Curtis Guy Yarvin (born 1973), also known by the pen name Mencius Moldbug, is an American blogger, software engineer, and Internet entrepreneur. He is known, along with fellow theorist Nick Land, for founding the anti-egalitarian and anti-democratic philosophical movement known as the Dark Enlightenment or neoreactionary movement (NRx).

In his blog Unqualified Reservations, which he wrote from 2007 to 2014, and on his younger Substack page called Gray Mirror, which he started in 2020, he argues that American democracy is a failed experiment which should be replaced by an accountable monarchy, similar to the governance structure of corporations.  Yarvin has been described as a "neoreactionary" and "neo-monarchist" who "sees liberalism as creating a Matrix-like totalitarian system and who wants to replace American democracy with a sort of techno-monarchy".

In 2002, Yarvin launched the Urbit computer platform. In 2013, he co-founded the company Tlon to oversee the Urbit project, and helped lead it until 2019.

Biography

Early life and education 
Curtis Guy Yarvin was born in 1973 to an educated, liberal, secular family. His father is Herbert Yarvin. His grandparents on his father's side were Jewish American and communists. His father worked for the US government as a foreign service officer, and his mother was a Protestant from Westchester County. Yarvin spent part of his childhood abroad, mainly in Cyprus. In 1985, he returned to the US and entered Johns Hopkins' longitudinal Study of Mathematically Precocious Youth. He graduated from Brown University in 1992, then was a graduate student of a computer science PhD program at UC Berkeley, before dropping out after a year and a half to join a tech company.

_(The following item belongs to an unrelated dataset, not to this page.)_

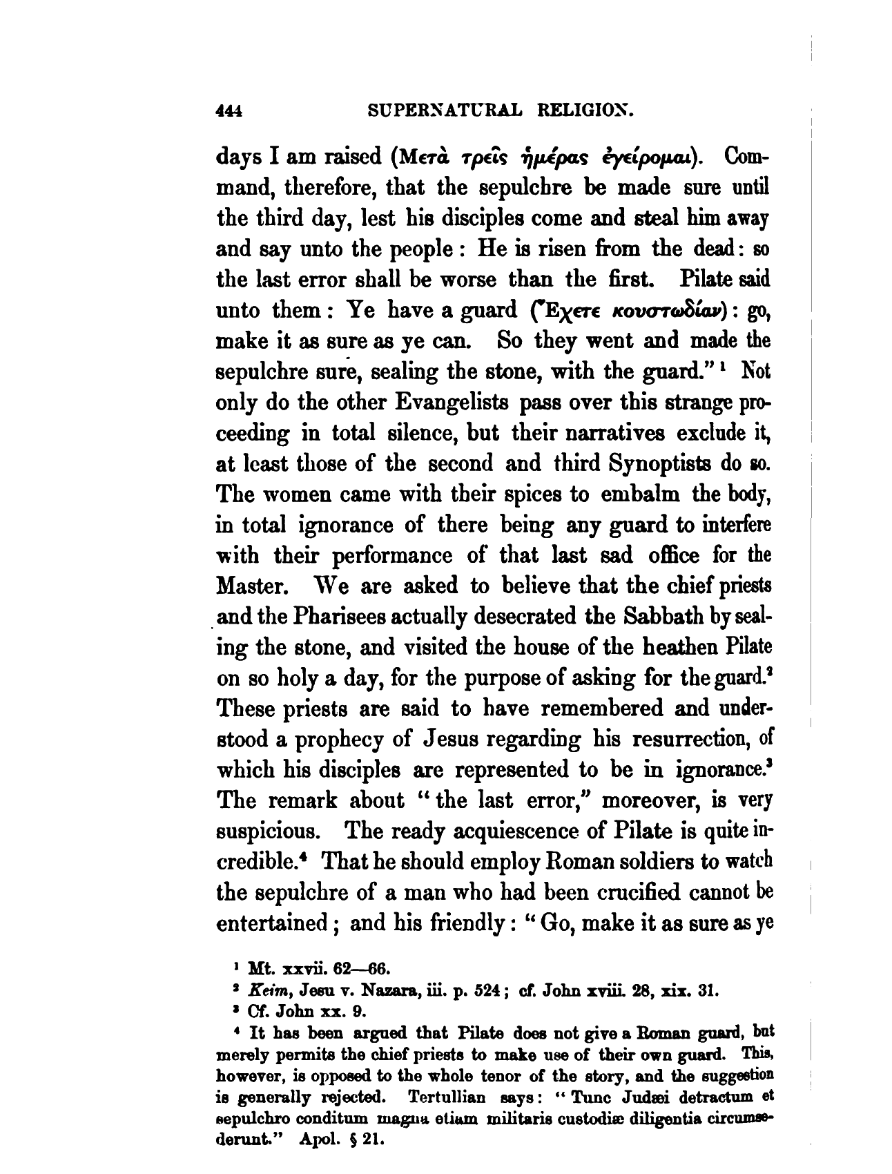 enemies as well as to his friends?(1) Nothing of course could have been more intelligible than his desire to comfort and reassure those who believed in and mourned for him, but to do this by no means excluded a wider manifestation of himself, supposing him to have actually risen from the dead. On the hypothesis that he only rose again and was seen through the yearning and enthusiastic faith of his followers, the reason why he was not seen by others is not hard to find. Yet it might be thought that the object of at once establishing beyond doubt his supernatural mission, and convincing his enemies of their crime, and the Jews of their blindness and folly, was important enough. Had he shown himself to the Chief Priests and elders, and confounded the Pharisees with the vision of him whom they had so cruelly nailed to the accursed tree, how might not the future of his followers have been smoothed, and the faith of many made strong! Or if he had stood again in the Courts of the Roman Procurator, no longer a prisoner buffeted and spat upon, but the glorious Messiah, beyond the reach of Jewish malignity or Roman injustice. But no, he was seen by none but those devoted to him. We shall of course be told by apologists that this also was "for the trial of our faith;" though to anyone who earnestly reflects, it must seem childish to ask men to believe what is beyond their reason, yet conceal the evidence by which reason is supposed to be guided. The reply, however, is clear: for the trial of our faith or for any other reason, it is nevertheless certain that this evidence does not exist.

In the 1980–1990s, Yarvin was influenced by the libertarian tech culture of the Silicon Valley. Yarvin read right-wing and American conservative works. The libertarian University of Tennessee law professor Glenn Reynolds introduced him to writers like Ludwig von Mises and Murray Rothbard. The rejection of empiricism by Mises and the Austrian School, who favored instead deduction from first principles, influenced Yarvin's mind-set.

Urbit 

In 2002, Yarvin founded the Urbit computer platform as a decentralized network of personal servers. In 2013 he co-founded the San Francisco-based company Tlön Corp to build out Urbit further with funding from Peter Thiel's venture capital arm, the Founders Fund. In 2016, Yarvin was invited to present on the functional programming aspects of Urbit at LambdaConf 2016, which resulted in the withdrawal of five speakers, two sub-conferences, and several sponsors. Yarvin left Tlon in January 2019, but retains some intellectual and financial involvement in the development of Urbit.

Neo-reactionary blogging 
Yarvin's reading of Thomas Carlyle convinced him that libertarianism was a doomed project without the inclusion of authoritarianism, and Hans-Hermann Hoppe's 2001 book Democracy: The God That Failed marked Yarvin's first break with democracy. Another influence was James Burnham, who asserted that real politics occurred through the actions of elites, beneath what he called apparent democratic or socialist rhetoric. In the 2000s, the failures of US-led nation building in Iraq and Afghanistan strengthened Yarvin's anti-democratic views, the federal response to the 2008 financial crisis strengthened his libertarian convictions, and Barack Obama's election as US president later that year reinforced his belief that history inevitably progresses toward left-leaning societies.

In 2007, Yarvin began the blog Unqualified Reservations to promote his political vision. He largely stopped updating his blog in 2013, when he began to focus on Urbit; in April 2016 he announced that Unqualified Reservations had "completed its mission".

Yarvin currently blogs about his political views on Substack under the page name Gray Mirror.

Views

Dark Enlightenment 

Yarvin believes that real political power in the United States is held by something he calls "the Cathedral", an amalgam of universities and the mainstream press. According to him, a so-called "Brahmin" social class dominates American society, preaching progressive values to the masses. Yarvin and the Dark Enlightenment (sometimes abbreviated to "NRx") movement assert that the cathedral's commitment to equality and justice erodes social order. Drawing on computer metaphors, Yarvin contends that society needs a "hard reset" or a "rebooting", not a series of gradual political reforms. Instead of activism, he advocates passivism, claiming that progressivism would fail without right-wing opposition. According to him, NRx adherents should rather design "new architectures of exit" than engage in ineffective political activism.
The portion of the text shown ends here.